After Jeff Faine became a first round selection for the Tampa Bay Buccaneers, the line Notre Dame offensive lineman to hear his name called before the 6th round over the course of 10 drafts was Ryan Harris in 2007 when the Denver Broncos took him in the third round with the 70th overall pick. Since the 2014 NFL Draft, the following Golden Domers have heard there names called before the end of the 2nd day.

  • 2016: Ronnie Stanley – Round 1, #6 overall
  • 2016: Nick Martin – 2nd Round, #50 overall
  • 2014: Zack Martin – 1st Round, #21 overall
  • 2014: Chris Watt – 3rd Round, #89 overall

Thats two first rounders, a second rounder, and a third all from the offensive line in just three drafts.  The only reason the Irish didn’t have a lineman selected in 2015 was because they lost just a single starter from the 2014 line – Christian Lombard.  Injuries derailed Lombard’s career ruining any chance he had of being selected.

Notre Dame came back strong this year though with Stanley going #6 overall – thanks in part to Laramey Tunsil’s gas mask video leak – and Nick Martin going in the 2nd round to the Texans after Houston traded up a second time this year to nab a Notre Dame player.  They did so in the first round for wide receiver Will Fuller as well.

Also note, Stanley would not have fallen much farther than 6th even if the Tunsil video hadn’t leaked.  The Titans took Jack Conklin at #8 and the Giants were looking for a tackle as well and would almost certainly have selected Stanley if he were on the board at #10 over their reach of a pick for Eli Apple.

All of these high picks, however, are proof that Brian Kelly and his staff have completely restocked what was a bare cupboard at offensive line when they took over and Harry Hiestand has elevated the Notre Dame offensive line into one of the nation’s best.

It doesn’t appear as things will slow sown any time soon either.  Mike McGlinchey has two years of eligibility remaining, but he is already being considered a potential first round pick in next year’s draft if he handles the move to LT as well as he is expected to.  Quenton Nelson will be entering his second season as a starter as well and could have a decision similar to the one Stanley had on his hands following this season.  Whenever he leaves though, he looks like he’ll be another high draft pick for the Irish offensive line as well.

It’s probably too early to tell if Sam Mustipher or Alex Bars could continue the tradition as well since neither has much/any starting experience yet but Bars was once called the best young offensive lineman Brian Kelly has ever coached so assuming he stays healthy it might be a safe bet that he will as well.
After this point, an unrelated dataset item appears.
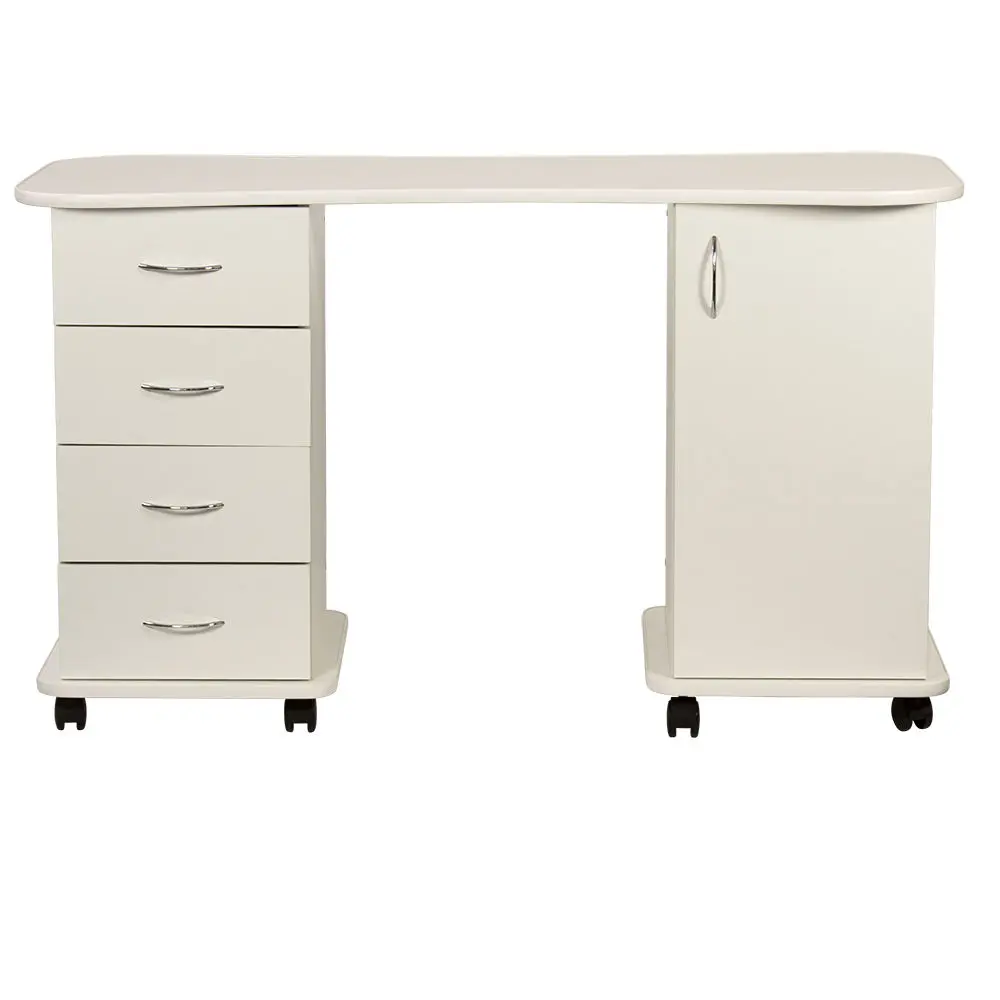 Если Вы желаете купить стильный и удобный стол для маникюра – Эсти-2 сможет полностью удовлетворить Ваши потребности. Он выполнен из качественной ламинированной ДСП, которая отличается высокой прочностью и долговечностью. Ламинированное покрытие легко очищается, не боится воздействия влаги и дезинфицирующих средств, а также длительное время сохраняет красивый внешний вид. Тумбы установлены на колеса, благодаря которым стол можно легко перемещать и поворачивать. В нашем магазине маникюрный стол Эсти-2 можно купить из наличия в цветах складкой программы (венге, венге/белый дуб), или под заказ, в любом другом цвете из каталога.

All of this success has also carried over to the recruiting trail where Notre Dame landed an elite trio of linemen in Tommy Kraemer, Liam Eichenberg, and Parker Boudreaux.  The Irish already have commitments from 4-star prospects Dillan Gibbons and Joshua Lugg.   The pipeline of NFL talent along the offensive line that Notre Dame is producing should only contineu that trend as well.

With all of this new found success producing elite, NFL ready offensive linemen, it shouldn’t be any surprise that the Notre Dame offense seemingly continued to put up points in bunches even after losing its opening day starter at quarterback, running back, and tight end.  In 2015 Notre Dame plugged in a true freshman running back who came to the Irish as a 3-star prospect coming off a knee injury – Josh Adams – and all he did was rush for a Notre Dame freshman rushing record.

This success bodes very well for the future – especially in 2016 when Notre Dame will be replacing all three of its starting wide receivers from a year ago along with three offensive linemen after Steve Elmer decided to end his career early to pursue other interests.

Even with three new starters on the offensive line in 2016, no one is even pointing to the line as a potential area of weakness for the Irish this fall.  McGlinchey is expected to slide over and take the torch from Stanley at LT, Sam Mustipher turned some heads in spring practice and turned what looked to be an open competition into seemingly a runway, and prior to his injury in the fall Alex Bars was already working with the first team.

Add all of this up and the 2016 Notre Dame offense could very well pick up where it left off in 2015 even with all of the attrition and the reason for that starts up front.  Not bad for a unit that for years produced a slew of 6th and 7th round picks and paved the way for just a single Notre Dame running back (Theo Riddick) to be selected in the draft during that same span.